Distributed Tracing

What is Distributed Tracing?

Distributed tracing is a method used in distributed systems to trace the path of an application request as it travels through different services and components – from frontend applications to middleware to backend services and database servers.

In a distributed system, a single request may be processed by multiple microservices. With distributed tracing, often without making any changes to your application code, each service records information about the request as it passes through, including timestamps, the name of the service, and any relevant metadata. This creates a trace, which is a step-by-step log of the request's journey through the system.

Some distributed tracing platforms require manual instrumentation or code modification to start tracing requests. Regardless of the method, a tag-and-follow approach is used for application transaction tracing.

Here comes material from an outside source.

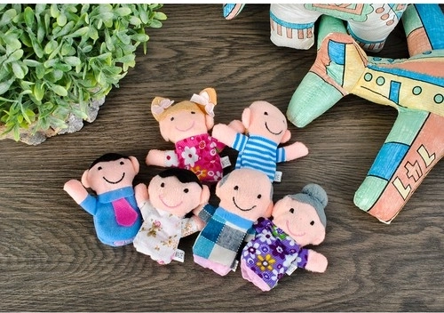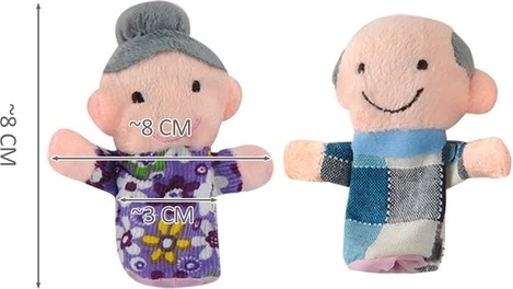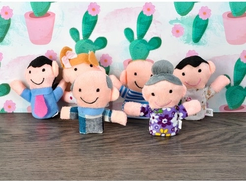 Нашият комплект включва 6 кукли за пръсти, които представят семейни персонажи – от баба и дядо до децата. Подходящи са за малките детски ръчички, но и възрастните могат лесно да ги управляват на по-малките си пръсти.

A unique identifier remains associated with the transaction throughout its interactions with microservices, containers, and underlying infrastructure.

Distributed tracing can identify bottlenecks and the root cause of slow performance

As a result, you get insight into the user experience, through the highest levels of the stack down to the application layer and the foundational infrastructure beneath the applications.

Distributed tracing provides visibility into how a request flows through a distributed system and helps identify performance issues, bottlenecks, and errors. With distributed transaction tracing, without making any changes to your application code, you can see slow methods, slow HTTP calls, slow database queries, exceptions in your code, etc. By analyzing the trace, developers can pinpoint where a request is spending the most time, identify areas for optimization, and troubleshoot issues quickly.

Distributed tracing is often used in conjunction with other observability tools, such as logging, error analysis, event monitoring, user experience monitoring and metrics, to provide a more comprehensive view of a distributed system's behavior.

To understand the relationship between traces and other signals such as metrics and logs, please see: The Three Pillars of Observability: Metrics, Logs and Traces (eginnovations.com).

What is the tag-and-follow methodology in Distributed Tracing? How Distributed Tracing works?

In distributed tracing, tags and follows are mechanisms used to correlate and trace the flow of requests across various components and services in a distributed system. Distributed tracing follows an interaction and tags it with a unique identifier. This identifier stays with the transaction as it interacts with microservices, containers, operating systems and infrastructure. The processing times of these uniquely identified requests are noted at each tier of the delivery chain and this information is then used to present simple views to developers, clearly highlighting where the application bottlenecks are. Let's take a closer look at what tags and follows mean in this context:

Tags: Tags are key-value pairs attached to a specific span (a unit of work or operation / a step) within the distributed trace. They provide additional context and metadata about the span, allowing for easier identification, filtering, and analysis. Tags can include information such as request ID, timestamps, error codes, and other relevant attributes.
For example, in a microservices architecture, when a request enters a service, a unique request ID can be assigned as a tag to that span. As the request propagates through different services, each service can add its own tags to the span, enriching it with relevant information. Tags help in understanding the behavior, performance, and flow of requests as they traverse the system.
Follows: Follows, also known as "follows from" or "follows relationship," are used to establish the causal relationship between different spans within a distributed trace. A "follows" relationship indicates that one span is a continuation of another span. It enables tracing the journey of a request from its origin to subsequent service calls.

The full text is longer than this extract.